Still, Jackson and Ellison’s dynamic is the show’s most intriguing one — a strength of on-screen chemistry — even if it is still situated in a very basic idea of an employee being real spunky with her boss. In fact, The Morning Show constantly addresses the notion of power and who has it, but never seems interested in how or why. Network execs are powerful because they’re at the top. Anchors like Levy have power, too, because they’re famous and in front of cameras (though the show finds the most improbable ways for her to wield it). 

But for a series that wants to run at Me Too, it has little to no curiosity in how bad behavior is ignored, allegations are suppressed, or the people and institutions that keep it this way. Farrow’s book revealed the insidious and very deliberate ways men like Weinstein, Lauer, and Tom Brokaw could protect themselves through intimidation and NDAs. In The Morning Show, everyone is just too dang earnest, or really, too selfish to think about anyone but themselves.

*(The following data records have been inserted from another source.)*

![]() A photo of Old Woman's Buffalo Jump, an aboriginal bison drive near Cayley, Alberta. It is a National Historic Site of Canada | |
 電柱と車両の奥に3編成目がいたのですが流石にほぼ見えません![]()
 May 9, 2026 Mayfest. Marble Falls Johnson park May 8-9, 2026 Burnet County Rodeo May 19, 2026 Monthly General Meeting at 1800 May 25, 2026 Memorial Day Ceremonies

Even the time we spend with Mitch, whose arc is unclear (though my hope is that it goes in the direction of “acceptance” rather than “redemption”), feels unearned. We get scenes like the one where he struggles to work the Keurig machine in his home. He gets frustrated, then furious, but eventually figures out how to operate the very simple coffee machine. And we’re supposed to feel… what exactly? It’s unclear. It seems fitting that The Morning Show is the key launch title for Apple’s major foray into original content. This is a company that values simplicity, clarity, and loves smooth corners so much that they designed their headquarters to be completely without rough edges.

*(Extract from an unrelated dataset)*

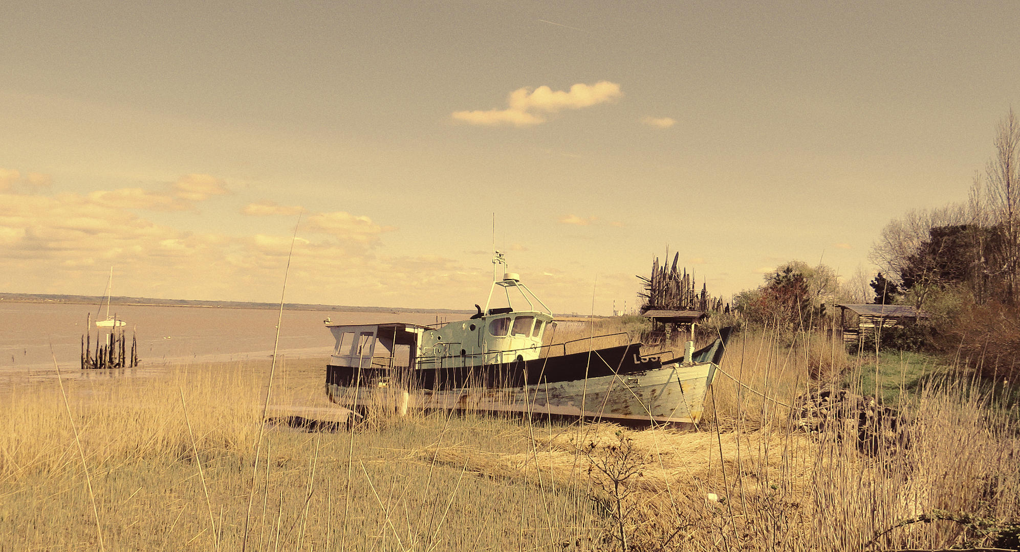 Ses voisins sont étonnants. Trace d’un ancien quai, barbelé à droite, un début de cimetière à bateaux à gauche, dont un vieux scaphandrier et sur l’arrière, le café de l’avenir avec sa pelouse synthétique en fronton et son vélo suspendu en enseigne. Loin des façades de ces riches maisons bourgeoises qui ont accueilli nombre d’armateurs aux heures de gloire de Paimbœuf, Napoléon en tête. Mais ici, plus rien n’est pareil, les jalons se brouillent, les neurones s’entrechoquent jusqu’à y distinguer un site vikingno-madmaxien-briéron.

There are hints of promise, though. At the end of the third episode, the last that was screened in advance to critics, a producer, Mia Jordan (Karen Pittman), wanders into the now-vacant office of Mitch Kessler. She admires his things, gazes in the mirror, and locates a button under the desk. The door of the office closes. The short scene suddenly gives The Morning Show a sense of menace and foreboding that had been missing for the previous three hours. Mia then goes to Levy’s office to confront her about how complicit she was in Mitch’s behavior. And suddenly The Morning Show has its first interesting moment, because it finally wants things to be messy.